ACTIVITY: Excluding any images, copy all of the lines below precisely as written.

SOURCE DATA:
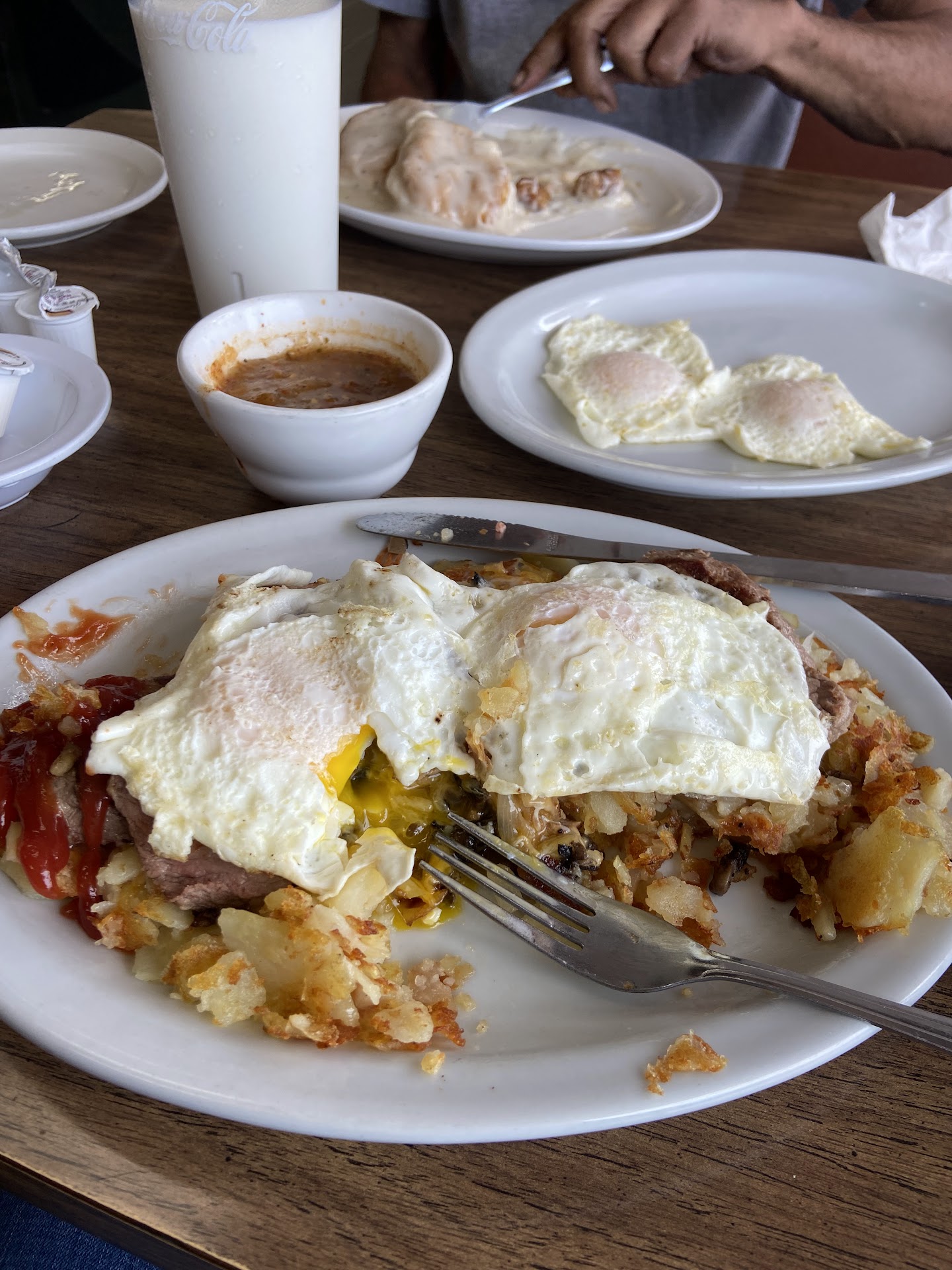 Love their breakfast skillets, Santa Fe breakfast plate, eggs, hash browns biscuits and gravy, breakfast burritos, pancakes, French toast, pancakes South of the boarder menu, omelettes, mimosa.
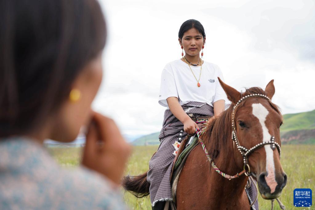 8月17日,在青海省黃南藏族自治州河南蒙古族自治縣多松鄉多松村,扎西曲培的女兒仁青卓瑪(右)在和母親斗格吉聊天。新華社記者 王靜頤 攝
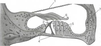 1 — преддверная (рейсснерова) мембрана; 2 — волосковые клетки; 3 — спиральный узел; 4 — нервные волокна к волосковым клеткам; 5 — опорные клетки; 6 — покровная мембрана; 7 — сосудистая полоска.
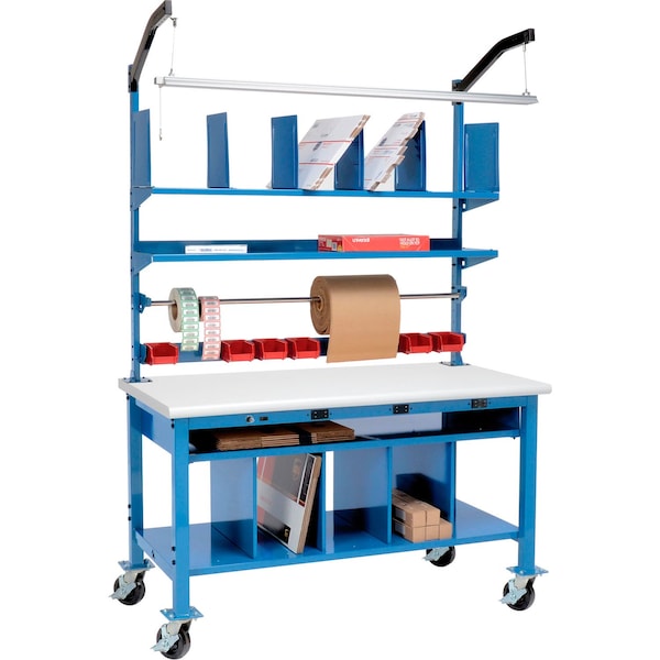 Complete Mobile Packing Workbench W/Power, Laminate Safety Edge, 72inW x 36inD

FINAL ANSWER:
 Love their breakfast skillets, Santa Fe breakfast plate, eggs, hash browns biscuits and gravy, breakfast burritos, pancakes, French toast, pancakes South of the boarder menu, omelettes, mimosa.
 8月17日,在青海省黃南藏族自治州河南蒙古族自治縣多松鄉多松村,扎西曲培的女兒仁青卓瑪(右)在和母親斗格吉聊天。新華社記者 王靜頤 攝
 1 — преддверная (рейсснерова) мембрана; 2 — волосковые клетки; 3 — спиральный узел; 4 — нервные волокна к волосковым клеткам; 5 — опорные клетки; 6 — покровная мембрана; 7 — сосудистая полоска.
 Complete Mobile Packing Workbench W/Power, Laminate Safety Edge, 72inW x 36inD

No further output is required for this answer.